*** Data supplied Section Begins ***

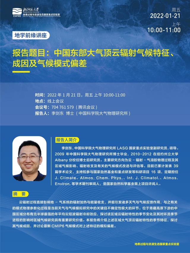 1.21学术讲座-中国东部大气顶云辐射气候特征、成因及气候模式偏差
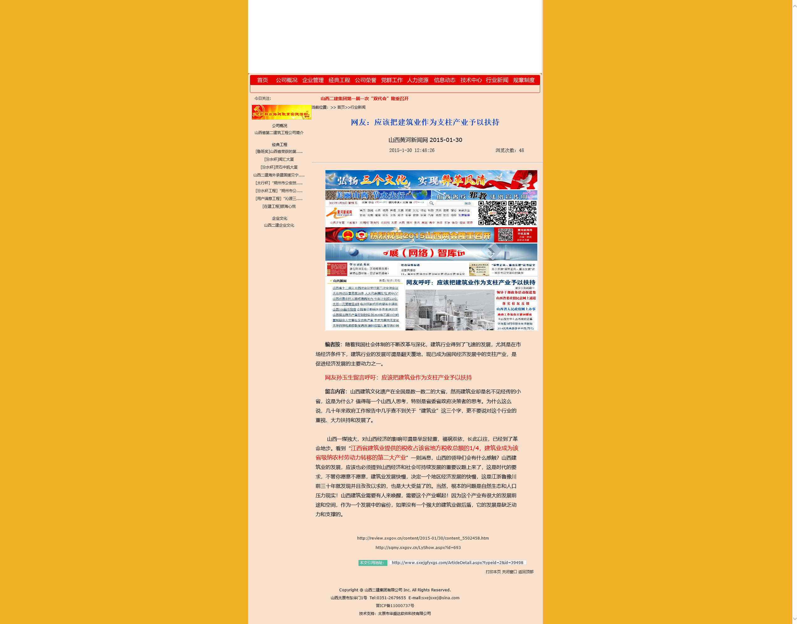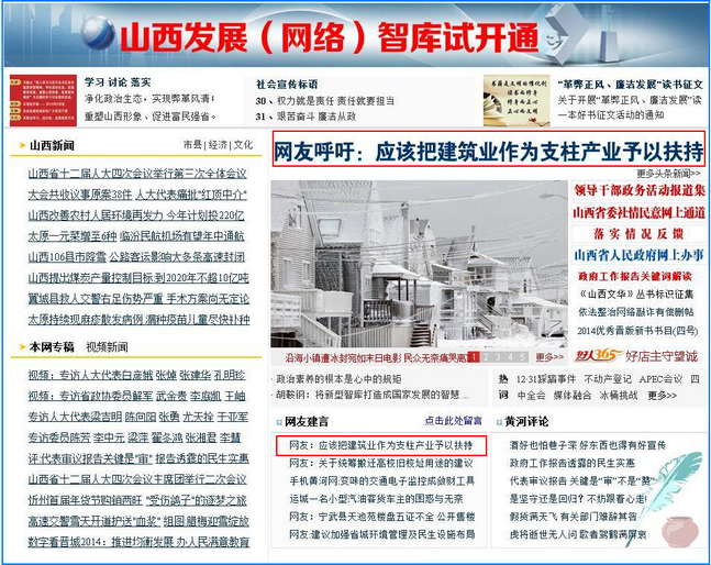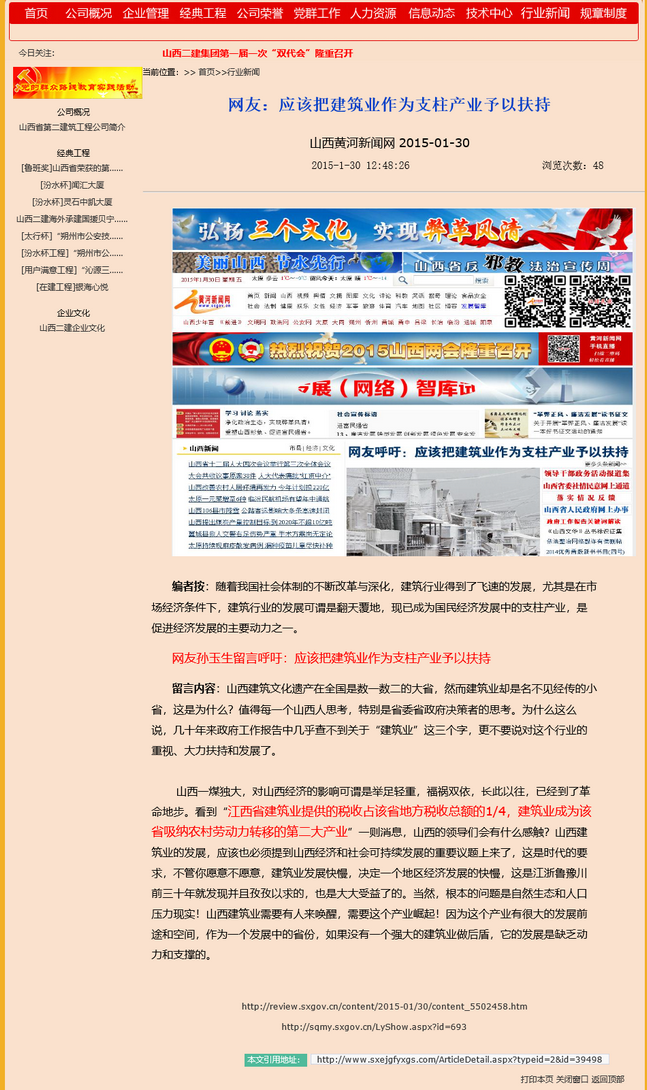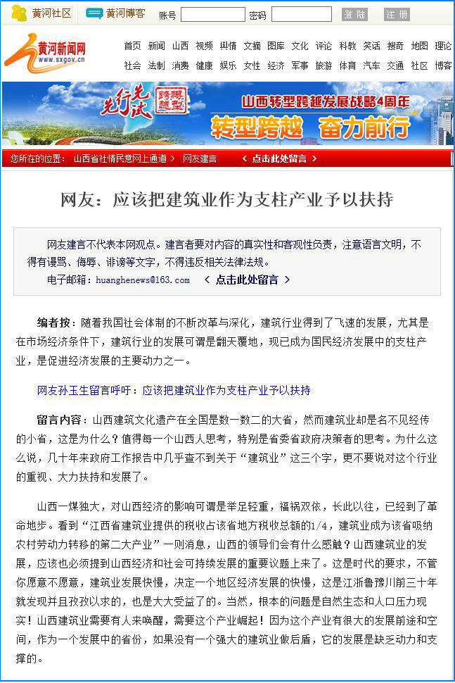 留言内容:山西建筑文化遗产在全国是数一数二的大省,然而建筑业却是名不见经传的小省,这是为什么?值得每一个山西人思考,特别是省委省政府决策者的思考。为什么这么说,几十年来政府工作报告中几乎查不到关于“建筑业”这三个字,更不要说对这个行业的重视、支持、大力扶持和发展了。山西一煤独大,对山西经济的影响可谓是举足轻重,福祸双依,长此以往,已经到了革命地步。看到“江西省建筑业提供的税收占该省地方税收总额的1/4,建筑业成为该省吸纳农村劳动力转移的第二大产业”一则消息,山西的领导们会有什么感触?山西建筑业的发展,应该也必须提到山西经济和社会可持续发展的重要议题上来了,这是时代的要求,不管你愿意不愿意,建筑业发展快慢,决定一个地区经济发展的快慢,这是江浙鲁豫川前三十年就发现并且孜孜以求的,也是大大受益了的。当然,根本的问题是自然生态和人口压力逼迫的!山西建筑业需要有人来唤醒,需要这个产业崛起!因为这个产业有很大的发展前途和空间,作为一个发展中的省份,如果没有一个强大的建筑业做后盾,她的发展是缺乏动力和支撑的。
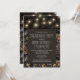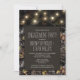 Lights + Hunting Camo Festa de noivado Invtions - apresenta um fundo de camuflagem de caça impresso com luzes de cordas brilhantes no topo.
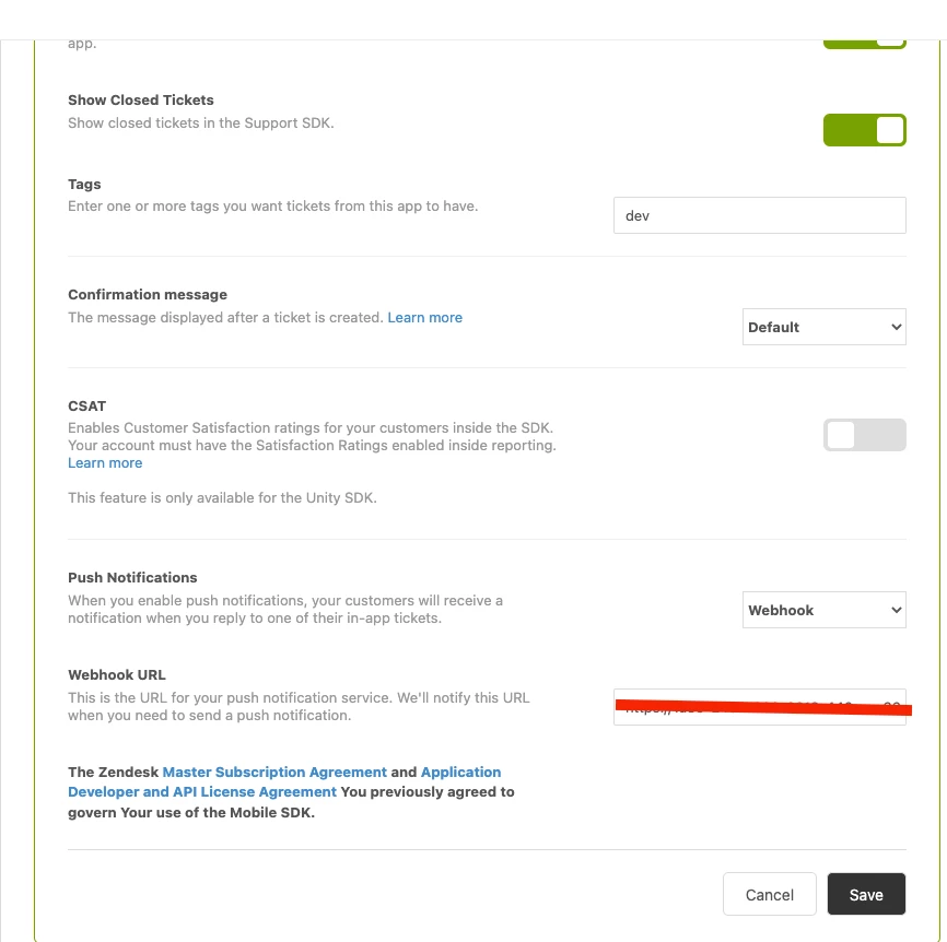 I'm doing configuration for my app to get push notification when our agent reply to the ticket support to end-user on Mobile app.
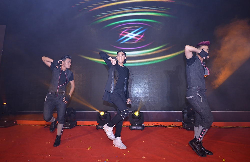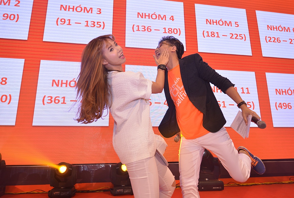 | Khởi My và MC Công Tố "quậy tung" sân khấu. |
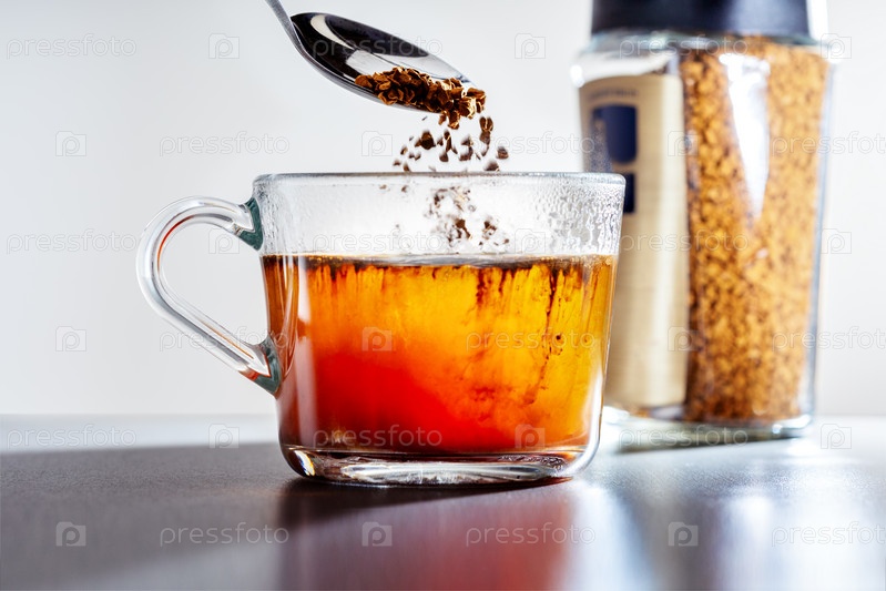 Наливает растворимый кофе с ложки в кофейную чашку. растворимый кофе

*** Data supplied Section Ends ***

▸ **Your assignment**
Print the material above once more, exactly. No pictures belong in it.

▸ **Output**
 1.21学术讲座-中国东部大气顶云辐射气候特征、成因及气候模式偏差
 留言内容:山西建筑文化遗产在全国是数一数二的大省,然而建筑业却是名不见经传的小省,这是为什么?值得每一个山西人思考,特别是省委省政府决策者的思考。为什么这么说,几十年来政府工作报告中几乎查不到关于“建筑业”这三个字,更不要说对这个行业的重视、支持、大力扶持和发展了。山西一煤独大,对山西经济的影响可谓是举足轻重,福祸双依,长此以往,已经到了革命地步。看到“江西省建筑业提供的税收占该省地方税收总额的1/4,建筑业成为该省吸纳农村劳动力转移的第二大产业”一则消息,山西的领导们会有什么感触?山西建筑业的发展,应该也必须提到山西经济和社会可持续发展的重要议题上来了,这是时代的要求,不管你愿意不愿意,建筑业发展快慢,决定一个地区经济发展的快慢,这是江浙鲁豫川前三十年就发现并且孜孜以求的,也是大大受益了的。当然,根本的问题是自然生态和人口压力逼迫的!山西建筑业需要有人来唤醒,需要这个产业崛起!因为这个产业有很大的发展前途和空间,作为一个发展中的省份,如果没有一个强大的建筑业做后盾,她的发展是缺乏动力和支撑的。
 Lights + Hunting Camo Festa de noivado Invtions - apresenta um fundo de camuflagem de caça impresso com luzes de cordas brilhantes no topo.
 I'm doing configuration for my app to get push notification when our agent reply to the ticket support to end-user on Mobile app.
 | Khởi My và MC Công Tố "quậy tung" sân khấu. |
 Наливает растворимый кофе с ложки в кофейную чашку. растворимый кофе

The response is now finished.